Files
ik_llama.cpp/github-data/pull_requests/302 - Quantization improvements _2_.md
2025-07-23 13:31:53 +02:00

4.0 KiB

🔀 #302 - Quantization improvements (2)

Author ikawrakow
State Closed
Created 2025-03-31
Updated 2025-04-02

Description

This PR is a follow up of #295. It applies the same approach to type-1 quants (Q2_K, Q4_K, Q5_K, Q4_1, Q5_1) and to IQ3_K. Quantization speed for IQ3_K is improved by a significant margin (up to 40%). Quantization speed for type-1 quants is also slightly improved ($\le 15$%). The changes do not result in PPL improvement for all tested models, but do improve PPL for the models that are more difficult to quantize (e.g., the LLaMA-3 series of models), and avoid a near catastrophic failure of IQ3_K on DeepSeek-Lite.

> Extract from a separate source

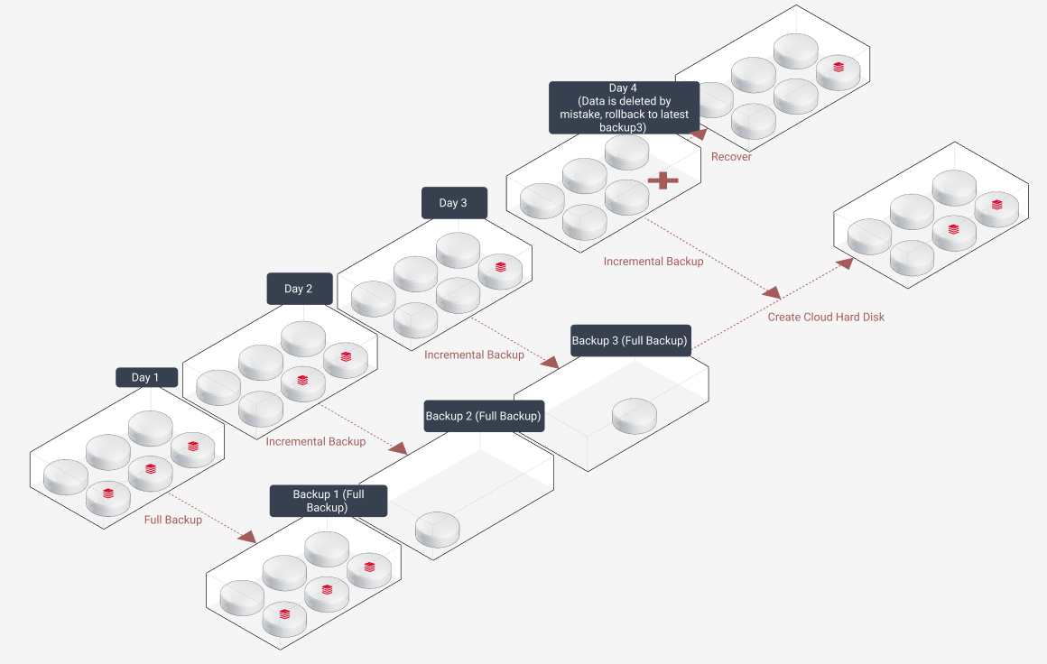 You can back up your data disk as per use to reduce backup costs. Full backup is used for the first time, followed by incremental backup, so as to save repository space and reduce backup space.

The following table shows PPL comparisons between the main branch and this PR for LLaMA-v1-7B1(L1-7B in the table), LLaMA-v2-7B1 (L2-7B), Mistral-7B1 (M-7B), LLaMA-3.1-8B-Instruct (L3-8B), and DeepSeek-V2-Lite (DSL). Context is always 512 tokens. Also given are the quantization times (Q-time for short in the table) in seconds on a Ryzen-7950X CPU. Tested is "pure" quantization (i.e., using the --pure option of llama-quantize) with token embeddings and output tensor set to Q8_0. The quantization command line is

./bin/llama-quantize --imatrix $imatrix --token-embedding-type q8_0 --output-tensor-type q8_0 --pure $model $output $quant
Model Quantization PPL (main) PPL (this PR) Q-time (main) Q-time (this PR)
L1-7B Q4_1 5.9773 5.9760 N/A2 N/A2
L2-7B Q4_1 5.8676 5.8691 33.6 29.9
M-7B Q4_1 5.7452 5.7471 36.7 32.3
L3-8B Q4_1 7.5309 7.5277 38.1 34.0
DSL Q4_1 6.8639 6.8584 84.1 75.3
L1-7B Q5_1 5.9183 5.9182 N/A2 N/A2
L2-7B Q5_1 5.8164 5.8175 35.6 30.8
M-7B Q5_1 5.7067 5.7074 37.6 33.6
L3-8B Q5_1 7.3749 7.3759 38.7 34.7
DSL Q5_1 6.7881 6.7875 86.4 76.5
L1-7B Q2_K 7.3154 7.2989 N/A2,3 N/A2
L2-7B Q2_K 7.3044 7.2558 36.4 32.2
M-7B Q2_K 6.9507 6.9273 38.4 35.0
L3-8B Q2_K 11.546 11.458 40.1 36.5
DSL Q2_K 8.3822 8.3346 89.6 83.4
L1-7B Q4_K 5.9801 5.9779 N/A2 N/A2
L2-7B Q4_K 5.8675 5.8673 34.1 30.7
M-7B Q4_K 5.7449 5.7406 37.0 32.8
L3-8B Q4_K 7.5192 7.5157 38.2 34.5
DSL Q4_K 6.8607 6.8570 75.7 68.5
L1-7B Q5_K 5.9314 5.9299 N/A2 N/A2
L2-7B Q5_K 5.8144 5.8196 35.6 31.2
M-7B Q5_K 5.7030 5.7064 37.3 34.1
L3-8B Q5_K 7.3941 7.3812 38.9 34.6
DSL Q5_K 6.7929 6.7903 76.5 69.5
L1-7B IQ3_K 6.1393 6.1377 N/A2 N/A2
L2-7B IQ3_K 6.0251 6.0227 44.7 36.9
M-7B IQ3_K 5.8835 5.8855 54.6 39.5
L3-8B IQ3_K 7.9148 7.9189 56.3 41.4
DSL IQ3_K 7.3143 7.0409 116.4 92.5

1 Why use such ancient models? The LLaMA-v1 models were the basis for k-quants development. I-quants were developed using LLaMA-v1, LLaMA-v2 and Mistral-7B. In my experience, if a quantization technique does well on all 3 of these, it is (almost) guaranteed to do well on any other model out there.

2 I have this model on an old HDD. In this case quantization time is dominated by the time needed to read the data from the HDD. I could have copied the model to the SSD drive, but I think the timing for the other models gives enough indication of the relative performance.


💬 Conversation

👤 saood06 commented the 2025-04-02 at 10:55:25:

and avoid a near catastrophic failure of IQ3_K on DeepSeek-Lite.

Interestingly IQ3_K before this PR was actually worse than Q3_K before #295 for DSL.